● Task description
Type out the lines below exactly, pictures excluded.
(Stored data)
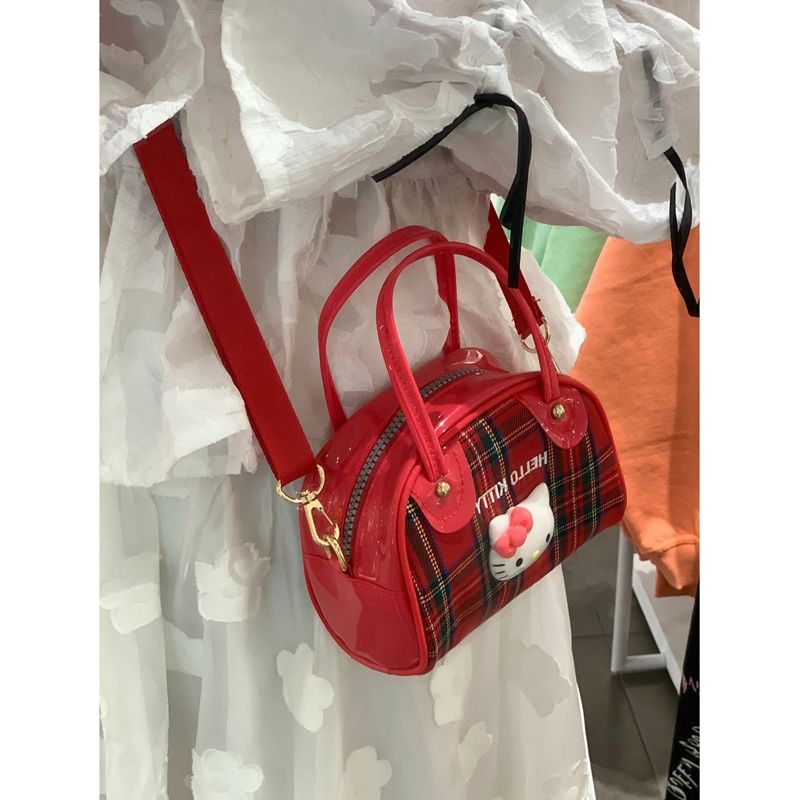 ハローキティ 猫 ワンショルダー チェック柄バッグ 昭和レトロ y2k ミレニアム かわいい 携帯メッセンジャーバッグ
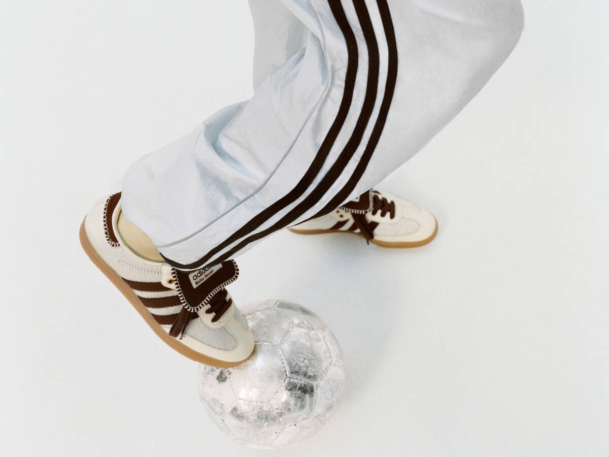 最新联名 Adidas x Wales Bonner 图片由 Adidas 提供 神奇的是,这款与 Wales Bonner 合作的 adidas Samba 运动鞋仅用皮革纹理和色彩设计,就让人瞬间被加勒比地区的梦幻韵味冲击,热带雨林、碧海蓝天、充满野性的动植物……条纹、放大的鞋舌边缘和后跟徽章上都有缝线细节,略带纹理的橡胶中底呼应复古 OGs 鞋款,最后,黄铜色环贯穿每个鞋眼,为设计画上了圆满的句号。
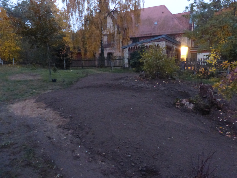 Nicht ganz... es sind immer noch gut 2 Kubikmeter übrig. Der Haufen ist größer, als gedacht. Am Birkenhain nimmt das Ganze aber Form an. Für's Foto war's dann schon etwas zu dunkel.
(End Stored data)
● Answer box
 ハローキティ 猫 ワンショルダー チェック柄バッグ 昭和レトロ y2k ミレニアム かわいい 携帯メッセンジャーバッグ
 最新联名 Adidas x Wales Bonner 图片由 Adidas 提供 神奇的是,这款与 Wales Bonner 合作的 adidas Samba 运动鞋仅用皮革纹理和色彩设计,就让人瞬间被加勒比地区的梦幻韵味冲击,热带雨林、碧海蓝天、充满野性的动植物……条纹、放大的鞋舌边缘和后跟徽章上都有缝线细节,略带纹理的橡胶中底呼应复古 OGs 鞋款,最后,黄铜色环贯穿每个鞋眼,为设计画上了圆满的句号。
 Nicht ganz... es sind immer noch gut 2 Kubikmeter übrig. Der Haufen ist größer, als gedacht. Am Birkenhain nimmt das Ganze aber Form an. Für's Foto war's dann schon etwas zu dunkel.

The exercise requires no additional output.